The Central Bank responds to COVID

As reported by RÚV, the Central Bank slashed interest rates to historic lows last year to mitigate the fallout from the COVID-19 pandemic. The cuts resulted in a real-estate boom, with many seeking to take advantage of low rates to secure roomier homes or to refinance. The majority of new mortgages signed during the pandemic have been non-indexed with variable interest rates. Although the payments are initially higher, such loans allow lenders to “own their homes sooner.”

But as the economy has recovered, the Central Bank has raised interest rates by 0.25% leading commercial banks to do the same. As economists expect inflation to continue to hover well above target rates – despite a strengthening króna – real-estate prices are expected to rise, along with wages, while unemployment is expected to decrease as the price of raw commodities remains high.

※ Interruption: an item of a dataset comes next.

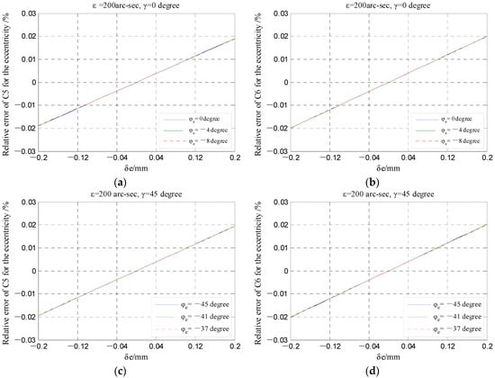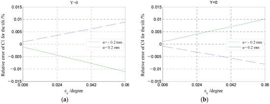 By referring to the structural design of the T-type CS, the range of the tilt angle εe was set to be [0.006, 0.06] deg (about 200 arc-sec) in the numerical simulation using Matlab. A tiny circumferential displacement of the cylindrical electrode was produced due to the tilt angle εe, which produces a relative error of the output capacitance under the radial displacement along the same direction. The dependence of the relative error on the angle εe is shown in Figure 19. For the single electrode, the influence of the tilt angle εe on the output capacitance is very small, with respect to the amplitude of the relative error.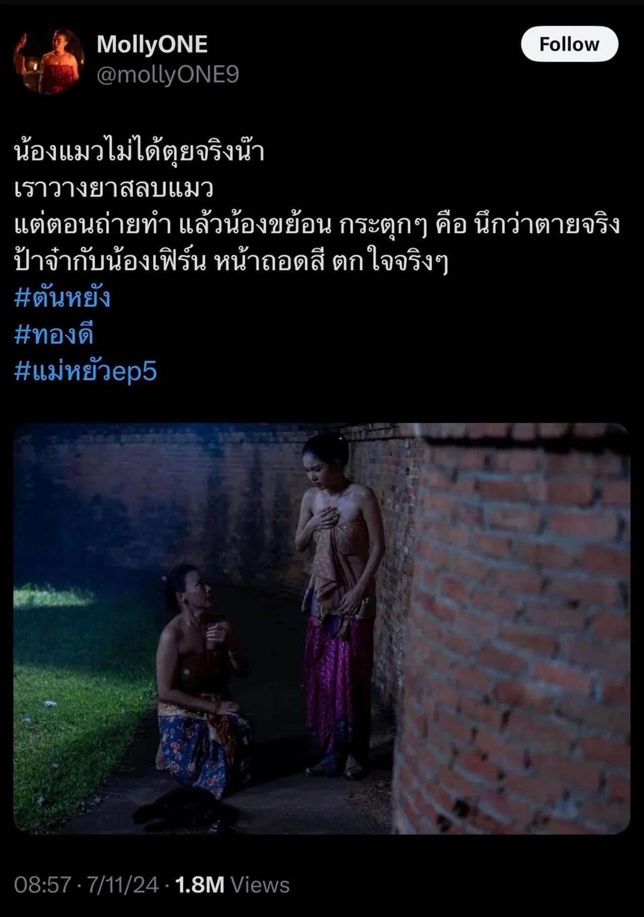 – ต่อมา “จ๋า โมฬีวรรณ” ที่รับบทเป็น ทองดี ได้ออกมาโพสต์ข้อความว่า “น้องแมวไม่ได้ตุยจริงน๊า เราวางยาสลบแมว แต่ตอนถ่ายทำน้องขย้อน กระตุก ๆ คือนึกว่าตายจริง ป้าจ๋ากับน้องเฟิร์นหน้าถอดสี ตกใจจริงๆ” ทำเอาหลายคนช็อก เพราะไม่นึกว่าเพื่อละครฉากเดียวถึงกับต้องวางยาสลบแมว อีกทั้งตัวนักแสดงเองยังทำเหมือนเป็นเรื่องธรรมดาอีกด้วย จนเกิดดราม่าหนัก และ จ๋า ก็ได้ลบโพสต์ทิ้งและปิดแอคเคานท์ไป

The best of times, the worst of times

Such trends put pressure on the Central Bank to continue to raise interest rates, which will in turn pressure commercial banks to do the same. This will directly impact the public, especially those who signed non-indexed mortgages with variable interest rates.

This could put them in a difficult position,” Sigurður Jóhannesson, Director of the Institute of Economic Studies at the University of Iceland, stated in an interview with RÚV. “Such caveats had been raised before, that is, that these types of mortgages looked good on paper because of the circumstances last winter, but that those circumstances wouldn’t persist forever. Nonetheless, those who were unprepared, who expected interest rates and inflation to remain low, may be put into a difficult spot.”

An increase of ISK 25,000 per month

As noted in a recent report from Landsbankinn, a 1% increase in variable interest rates for a non-indexed mortgage of ISK 30 million could result in an ISK 25,000 rise in monthly payments.